Provided by Andrea Soranidis - The Petite Cook
Categories Main
Time 30m
Number Of Ingredients 6
Steps:
- Peel and chop the potatoes into 1-inch large cubes.
- In a large pot of lightly salted boiling water, boil the potatoes for about 5 min, until just tender.
- In the meantime, in a large bowl whisk the eggs until well combined, add in chopped parsley and season with salt and pepper.
- Drain well the potatoes and add them into the bowl with the eggs. Fold in the cheese (if using) and lightly mix all ingredients.
- Heat a large non-stick skillet with the olive oil over medium-low heat. Pour in the frittata mixture, making sure to distribute the potatoes evenly over the bottom of the pan.

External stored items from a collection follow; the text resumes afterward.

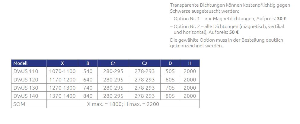 Wir geben eine 10-jährige Garantie für die Ersatzteilverfügbarkeit (ab Produktionsende des angegebenen Duschkabinenmodells).
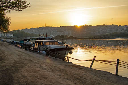 Eyup Sultan, istanbul, Turkey-April 27,2021 The city view from the early hours of the morning in Eyup Sultan district on the Golden Horn coast with its historical and natural beauty.
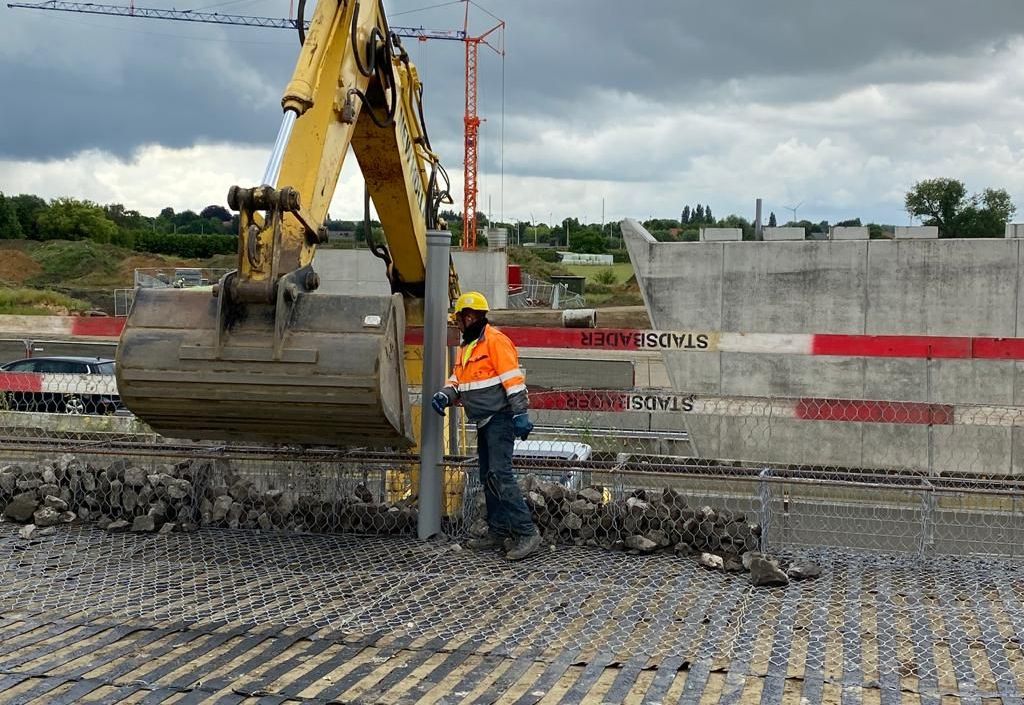 The Oosterweel Link project is a new 15km-long motorway connection developed by Lantis for completing the Antwerp ring road R1 (Belgium). It is a major project in Belgium and its design started in the 1990s to find a solution to the congestion problems in and around Antwerp. The total estimated cost of the project is approximately €4.5bn. The Antwerp ring road is a key part of the Trans-European Transport (TEN-T) Core Network. Maccaferri collaborated with the design and building of the Mechanically Stabilized Earth (MSE) walls with its main product family „Terramesh“. This is a well-known system used in Europe and in the rest of the world to support or enable the construction of infrastructures in tight urban corridors, forming retaining walls, road embankments, wing walls and bridge abutments known as Geosynthetic Reinforced Soil-Integrated Bridge Systems (GRS-IBS). „Terramesh“ double twist steel wire mesh reinforcements have been used in combination with ParaLink® and Paragrid® geogrids representing an evolution and a significant advantage for both cost-effectiveness and performance. The project includes 15.000 facing sqm of „Terramesh Green®“, 14.000 facing sqm of „Terramesh Mineral® and System® and 5.000 facing sqm of gabion cladding. During 2020, 6.000 sqm of MSE walls have been already installed with a maximum height of 6.5m for the structures erected so far. The Terramesh products can be either with a stone mineral facing or a green facing, according to the architectural plan: in Oosterweel for architectural reasons, most of the structures present a stone facia.
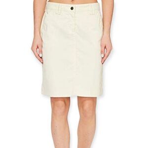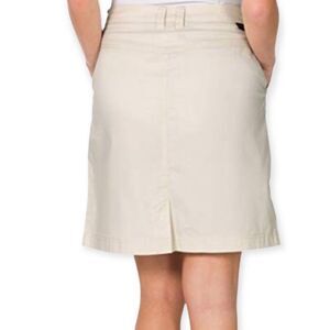 NEW women's beige skirt by Jack Wolfskin. A low rise, pockets, back slit, metro functional fit flare above knee pencil skirt. Refresh your style! On point from plane to city streets. Regular fit sits below hips with a classic pencil skirt design. Soft organic cotton blend features wind-resistant Function 65 Stretch, allows garment to move with you for comfort. Featuring belt loop waist, zip fly, button closure. Slant hand pockets, Straight hem back slit.
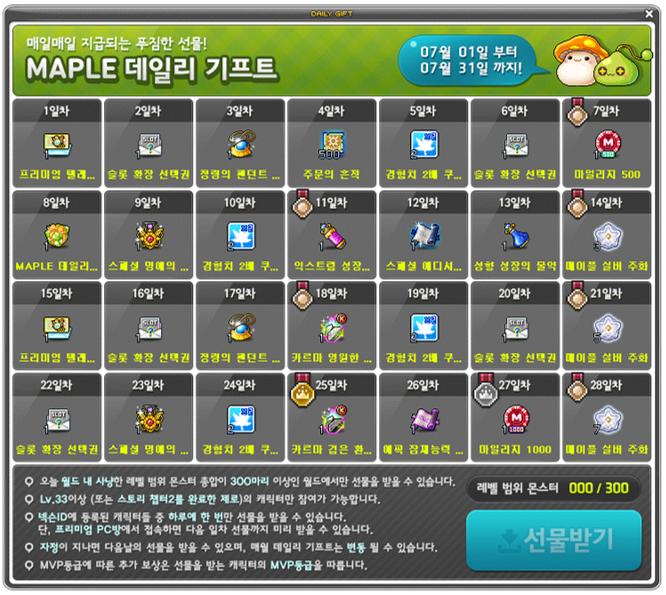 ■ 월드 내 사냥한 레벨 범위 몬스터 총합이 300마리 이상일 경우에 선물 수령 가능
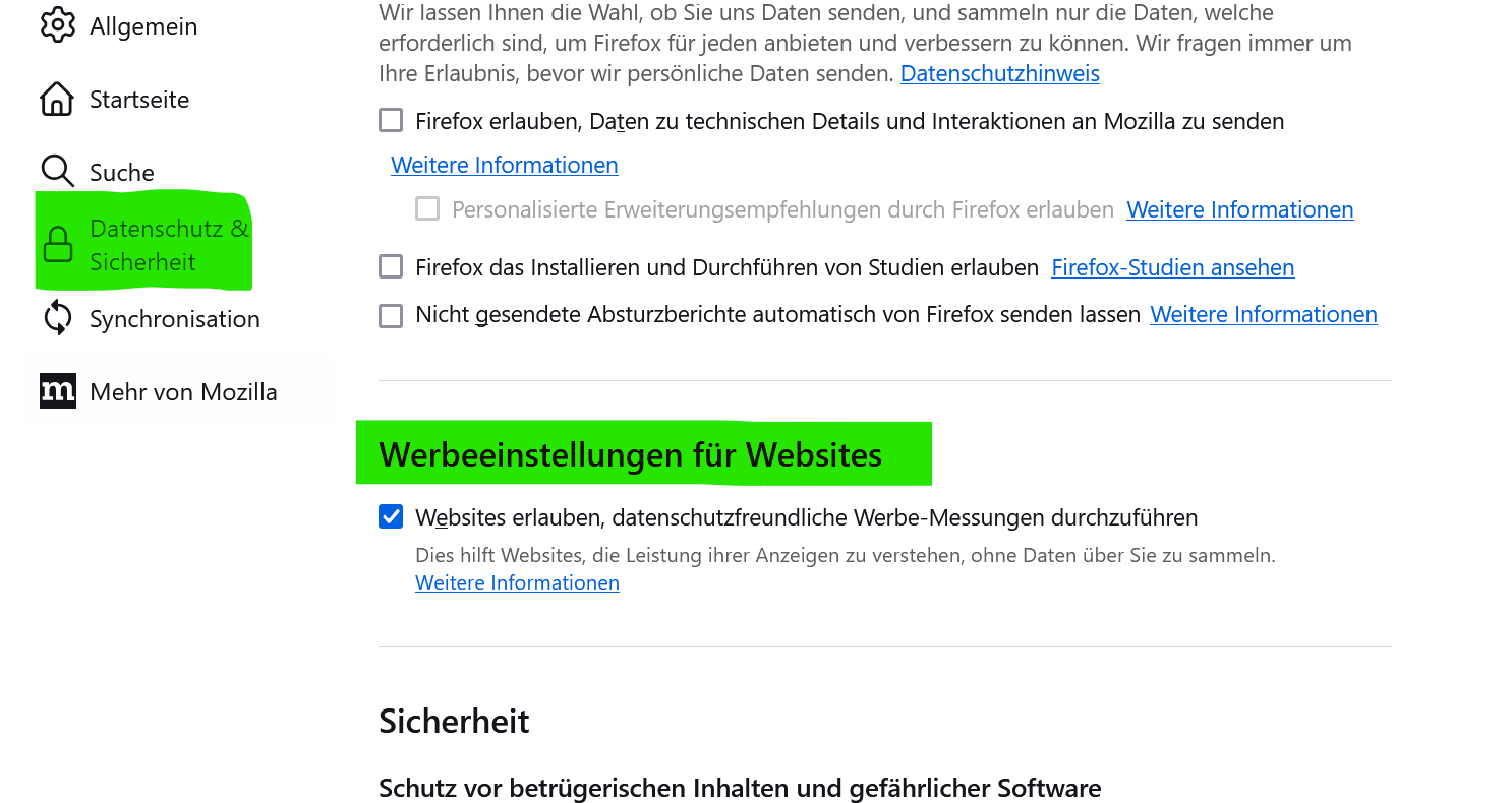 Jeder, der den Firefox einsetzt und auf die neueste Version aktualisiert, wird folgende Voreinstellung in seinen Einstellungen finden:
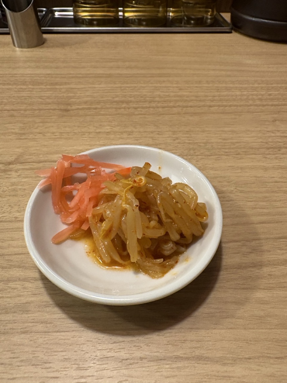 辛もやしを食べながら品が来るのを待つ。
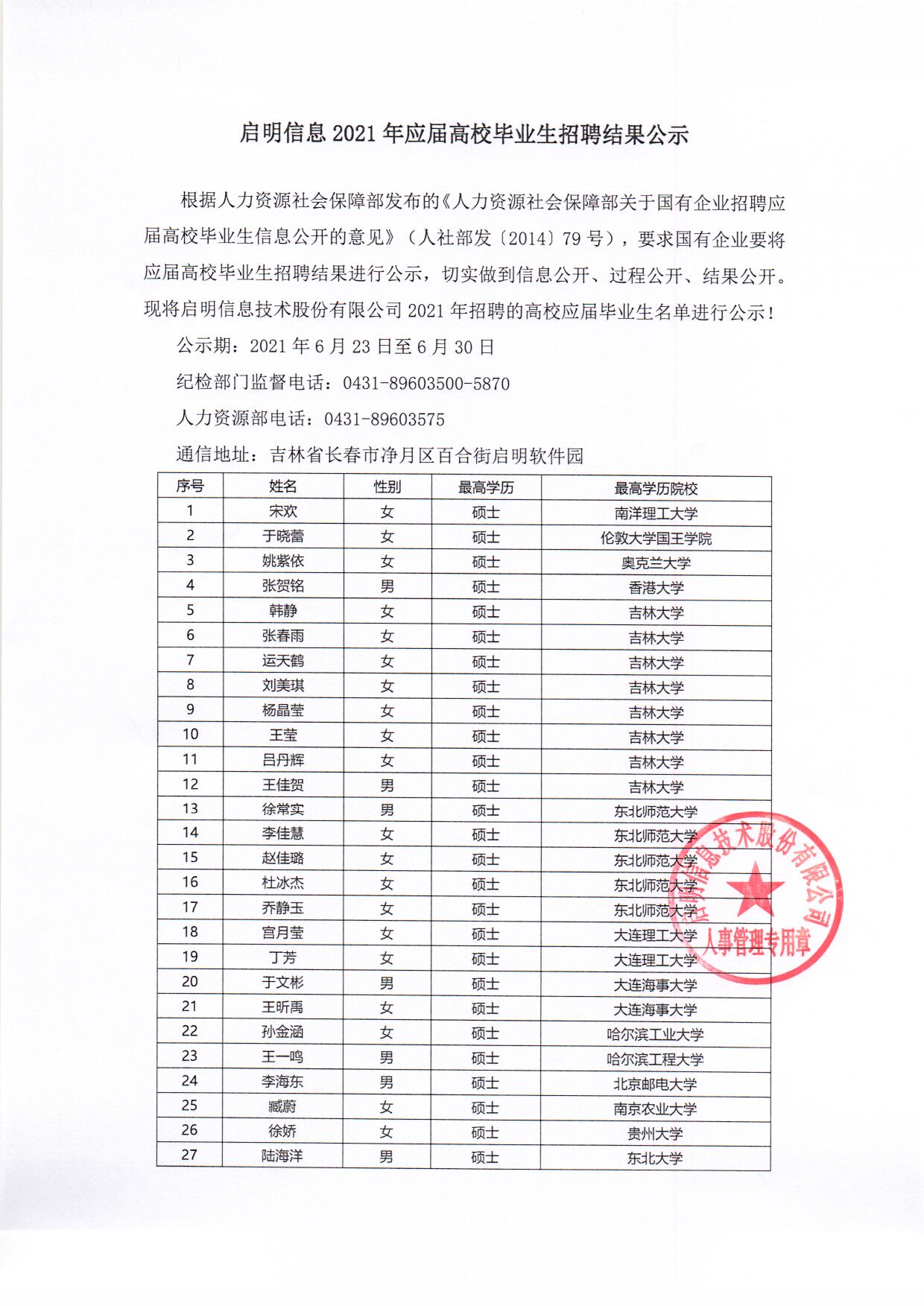 米兰·(milantiyu)信息2021年应届高校毕业生招聘结果公示

- Cover with a lid and cook for about 5-10 minutes, gently shaking the pan every now and then. When the frittata is easily pulled off from the bottom, is ready to be turned. Using a plate with the same diameter of the frittata, carefully put it on top and flip the frittata on the other side.
- Cook on the other side for a further 2-5 minutes, this time without the lid.
- When the frittata is fully cooked, remove from the pan and slide it gently onto a serving plate, and serve
- Store leftovers in an airtight container and refrigerate for up to 2 days.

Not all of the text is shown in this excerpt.